▸ **The input**:
BEGIN

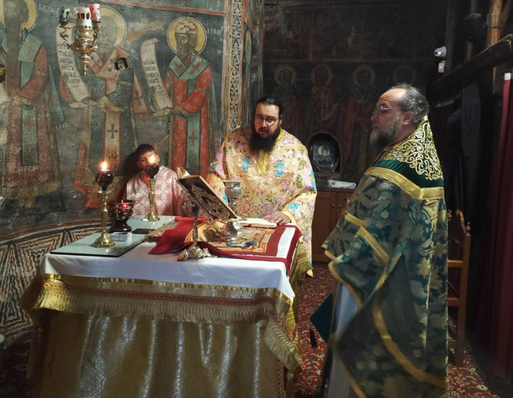 Ο Γέρων Νεκτάριος ιερούργησε χθες, ανήμερα της εορτής του, στο Καθολικό της Μονής, προσευχόμενος περί υγείας και ειρήνευσης του σύμπαντος κόσμου.
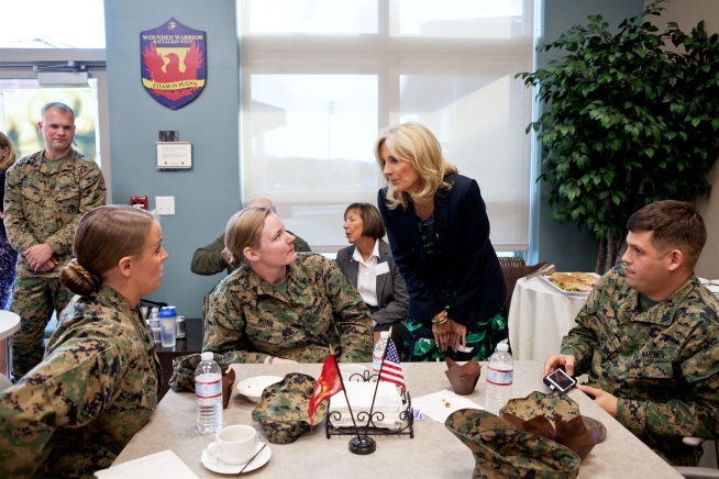 Dr. Jill Biden greets wounded warriors and their families at the Wounded Warrior Hope and Care Center at Camp Pendleton, Calif., Jan. 20, 2012. (Official White House Photo by David Lienemann)
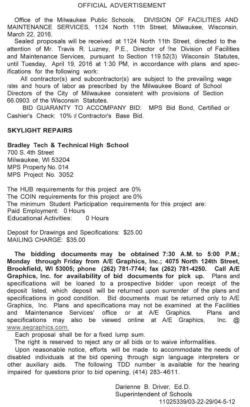 Share: Click to share on Facebook (Opens in new window) Facebook Tweet Click to email a link to a friend (Opens in new window) Email Click to print (Opens in new window) Print MPS Requesting BIDs for Skylight Repairs at Bradley Tech High School March 25, 2016 Share: Click to share on Facebook (Opens in new window) Facebook Tweet Click to email a link to a friend (Opens in new window) Email Click to print (Opens in new window) Print
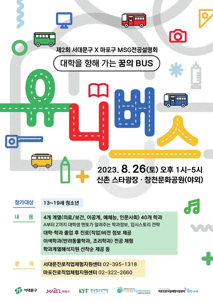 [시민일보 = 홍덕표 기자] 서대문구(구청장 이성헌)와 서대문진로직업체험지원센터가 오는 26일 오후 1시부터 5시까지 신촌 스타광장과 창천문화공원에서 '제2회 서대문구X마포구 MSG 전공설명회'를 개최한다.
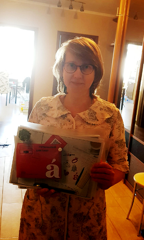 Первым участникам «Тотального диктанта» в формате #пишемдома были доставлены специальные бандероли с комплектом бланков для каждого, например, бланки в косую линейку для младших участников.
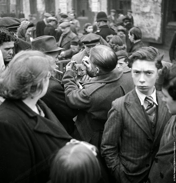 | A soldier examines a puppy on sale at Club Row market in Londons East End, a street famed for its dog sellers. January 1946. (Photo by George Konig/Keystone Features/Getty Images) |
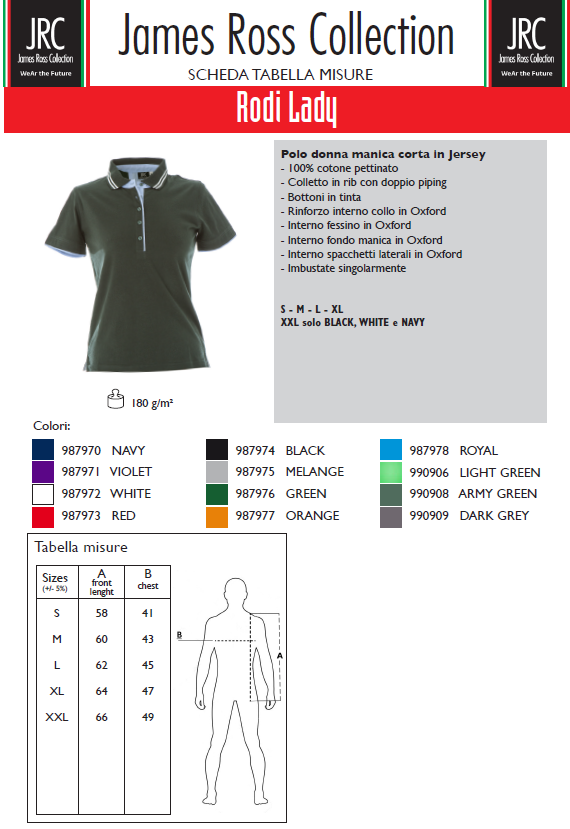 Home / Abbigliamento / Polo / Donna / JRC RODI LADY polo Jersey JRC RODI LADY polo Jersey Polo Lady Jersey 100% Cotone 180g Con Riga in contrasto su Manica e Colletto Descrizione Informazioni aggiuntive Descrizione Informazioni aggiuntive Marca JRC Prodotti correlati Abbigliamento , Donna JHK T-shirt Papua TSULPAPLS T-shirt Manica Lunga 50%Viscosa 50%Cotone Abbigliamento , T-shirt FRUIT T-shirt Baseball 610260 T-shirt Bicolore 100% Cotone Abbigliamento , Canotte JHK Canotta Paradise TSULPRDS Canotta Donna Taglio Vogatore 100% Cotone Abbigliamento , T-shirt FRUIT T-shirt Softspun 614120 T-shirt girocollo tessuto softspun 100% cotone

END

▸ **Task item**: Reproduce the opening lines of the material above exactly, ending with the line that contains "Dr. Jill Biden". Omit every picture.

▸ **Expected output**:
 Ο Γέρων Νεκτάριος ιερούργησε χθες, ανήμερα της εορτής του, στο Καθολικό της Μονής, προσευχόμενος περί υγείας και ειρήνευσης του σύμπαντος κόσμου.
 Dr. Jill Biden greets wounded warriors and their families at the Wounded Warrior Hope and Care Center at Camp Pendleton, Calif., Jan. 20, 2012. (Official White House Photo by David Lienemann)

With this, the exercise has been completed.